Nevertheless, let me just try to explain. As you can see on the map, you start your trip along the Leh-Srinagar Highway towards Kargil but the road bifurcates at Khaltse and a narrower road goes towards Dah-Bima area and onwards along the Indus River. This road eventually passes through Batalik and rejoins the highway near Kargil. There is another small connecting road in the middle between Sanjak to Khangral that connects both the branches. The initial villages on this route are usual Ladakhi ones but after Hanu, you really enter the Brokpa area, with the most famous villages villages being Dah, Biama, Hanu Gongma, Garkon, Darchik and Chiktan.

Most of these villages are located on both the banks of the Indus River and located at a slightly lower altitude compared to Leh. So these regions are warmer and more fertile, growing buckwheat, millets, barley, apricots, walnuts, apples, and grapes among other things. They have road connectivity with both Leh and Kargil.

Brokpa People, Culture & History

Now, this is the trickiest part to write about. As expected, the history of this population is not very clear. If you look for it, you will find various stories starting with the one describing them as the descendants of some members of Alexander’s Army that miraculously got detached, secluded, and survived. But this seems to be a very popular story not limited to this region and I find it a bit too far-fetched. The Malana people claim it too and so do the Kalash from Chitral. This also gives rise the theories that describe them as pure “Aryans” because of their facial features and the fact that they are generally endogamous. Of course, this is a harmless ploy to attract tourists and the broader historical and political implications of the same are best ignored.
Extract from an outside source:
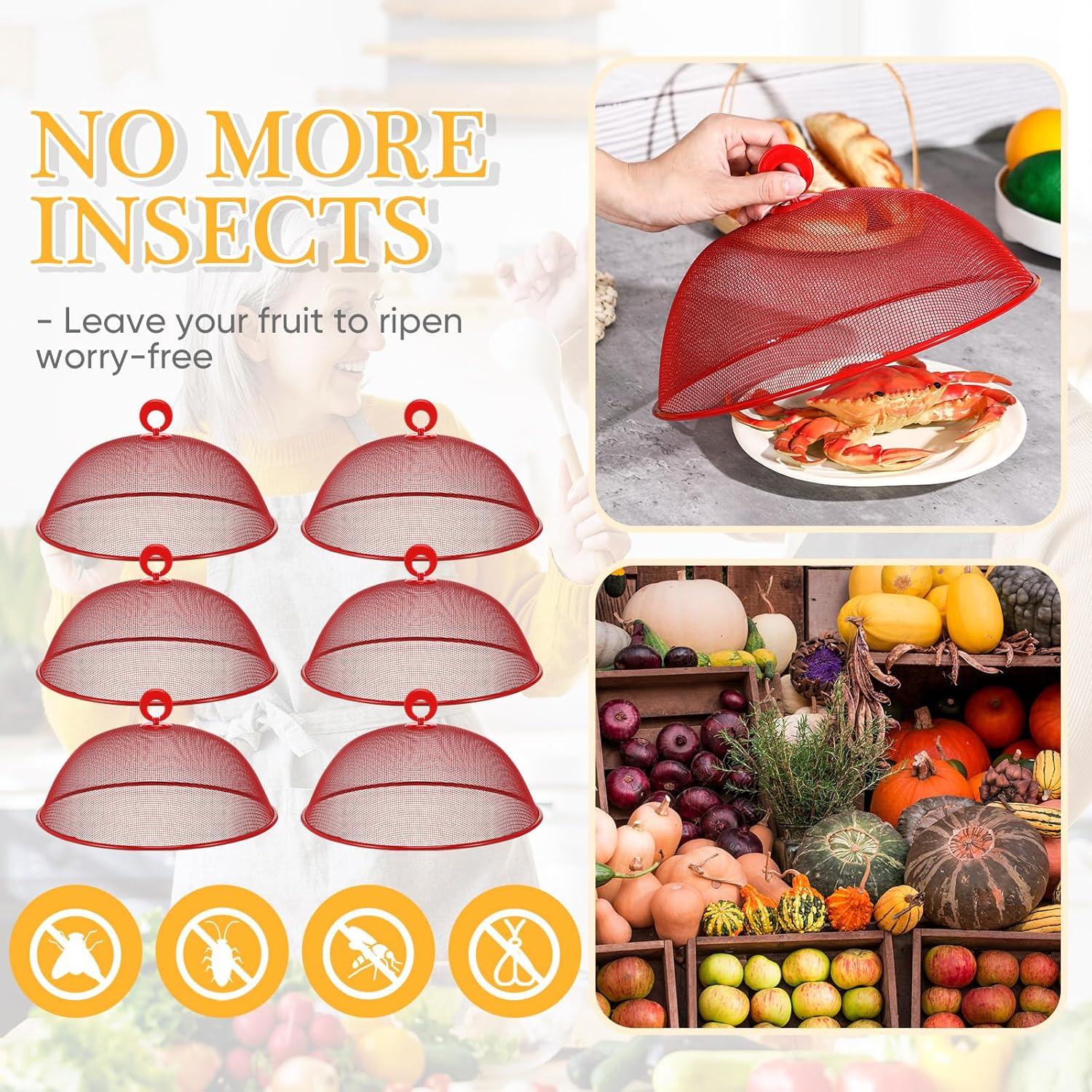 Gerrii 6 Pcs Metal Mesh Food Cover Outdoor Mesh Food Tents Dome Screen Plate Covers for Dinner Plates Reusable Fruit Fly Nets Picnic Food Umbrella for Table, BBQ, Camping, Party (Red,11 Inch)

According to the experts, a more plausible theory is that they are Dardic peoples like most others in Kashmir and Baltistan. But their culture is unique because for some reasons they resisted external influences. They did not covert to Islam like the rest of the people living to their West while they also did not get completely overwhelmed by Tibetan Buddhism of Ladakh. Although they are now nominally Buddhists, the customs somewhat vary from those in Ladakh. In the village of Dah, there are remains of an old Dardic fort and a shrine dedicated to the ancient pre-Buddhist female deity “Srigmo”.

While only a few thousand in number, the Brokpas are a very noticeable presence in Ladakh, especially because of their distinctive attire. In Leh Market many of them can be seen selling dry fruits. However, as I explored the area, I realized that it is not easy to get someone in full traditional Brokpa costume for the perfect portrait. Generally everyone wears them on festivals and other special occassions but otherwise only a few elderly women can be seen with the headgear in the villages. On the other hand in the markets of Leh they always wear it because it makes them stand out in the crowd and attracts tourists.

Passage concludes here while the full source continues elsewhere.